Is there any way to count how many partitions reached in Spark query on Hadoop?-CodePudding

I want to stop a Spark query if the query takes more than 10 mins.

But this is for just for one partition.

I mean if query reaches 2 partition in Hadoop so the time will be 20 mins.

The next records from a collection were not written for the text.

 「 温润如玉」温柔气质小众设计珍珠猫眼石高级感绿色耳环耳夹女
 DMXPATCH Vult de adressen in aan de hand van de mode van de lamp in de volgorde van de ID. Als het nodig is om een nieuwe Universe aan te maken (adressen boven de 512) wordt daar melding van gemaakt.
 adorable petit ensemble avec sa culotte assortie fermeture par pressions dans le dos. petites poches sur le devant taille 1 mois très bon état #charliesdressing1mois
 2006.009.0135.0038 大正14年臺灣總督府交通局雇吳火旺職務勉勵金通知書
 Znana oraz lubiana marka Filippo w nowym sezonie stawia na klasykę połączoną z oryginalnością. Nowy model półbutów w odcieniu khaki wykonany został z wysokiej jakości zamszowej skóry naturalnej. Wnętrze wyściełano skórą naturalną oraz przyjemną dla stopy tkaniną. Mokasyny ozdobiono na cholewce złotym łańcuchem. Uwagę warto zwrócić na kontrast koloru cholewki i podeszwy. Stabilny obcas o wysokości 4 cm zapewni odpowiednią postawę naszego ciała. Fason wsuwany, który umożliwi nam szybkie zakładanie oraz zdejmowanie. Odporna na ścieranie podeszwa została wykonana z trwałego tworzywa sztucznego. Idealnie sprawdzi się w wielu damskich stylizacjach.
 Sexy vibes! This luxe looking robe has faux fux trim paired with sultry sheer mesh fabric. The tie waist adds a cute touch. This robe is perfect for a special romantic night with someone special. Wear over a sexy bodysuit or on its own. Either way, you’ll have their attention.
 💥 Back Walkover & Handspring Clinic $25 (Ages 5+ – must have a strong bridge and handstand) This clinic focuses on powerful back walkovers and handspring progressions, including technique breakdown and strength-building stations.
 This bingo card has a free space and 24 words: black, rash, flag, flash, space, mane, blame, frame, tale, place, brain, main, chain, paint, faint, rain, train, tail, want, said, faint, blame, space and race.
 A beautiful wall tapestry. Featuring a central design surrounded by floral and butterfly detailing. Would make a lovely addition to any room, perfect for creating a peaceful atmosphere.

For example, for this I need a 10 mins threshold:

SELECT Max(col1),
       Min(col2)
FROM   my_parititoned_table_on_hadoop
WHERE  partitioned_column = 1

For this I need a 20 mins threshold:

SELECT Max(col1),
       Min(col2)
FROM   my_parititoned_table_on_hadoop
WHERE  partitioned_column IN ( 1, 2 )

Is this possible?

CodePudding user response：

No. There is no such support in Spark.

CodePudding user response：

The answer to the question in your title ("Is there any way to count how many partitions...") is a "yes" if your data is stored as parquet. You can run explain() on your query and see how many partitions will be scanned during query execution. For example

scala> spark.sql("select * from tab where p > '1' and p <'4'").explain()
== Physical Plan ==
*(1) FileScan parquet default.tab[id#375,desc#376,p#377] Batched: true, Format: Parquet, 
     Location: PrunedInMemoryFileIndex[hdfs://ns1/user/hive/warehouse/tab/p=2, hdfs://ns1/user/hive/warehouse..., 
     **PartitionCount: 2,** PartitionFilters: [isnotnull(p#377), (p#377 > 1), (p#377 < 4)], 
     PushedFilters: [], ReadSchema: struct<id:int,desc:string>

...from which PartitionCount: x can be parsed quite easily.

The second question (which is technically a statement -- "I want to stop a Spark query if the query takes more than 10 mins") is a "no", just as @thebluephantom said.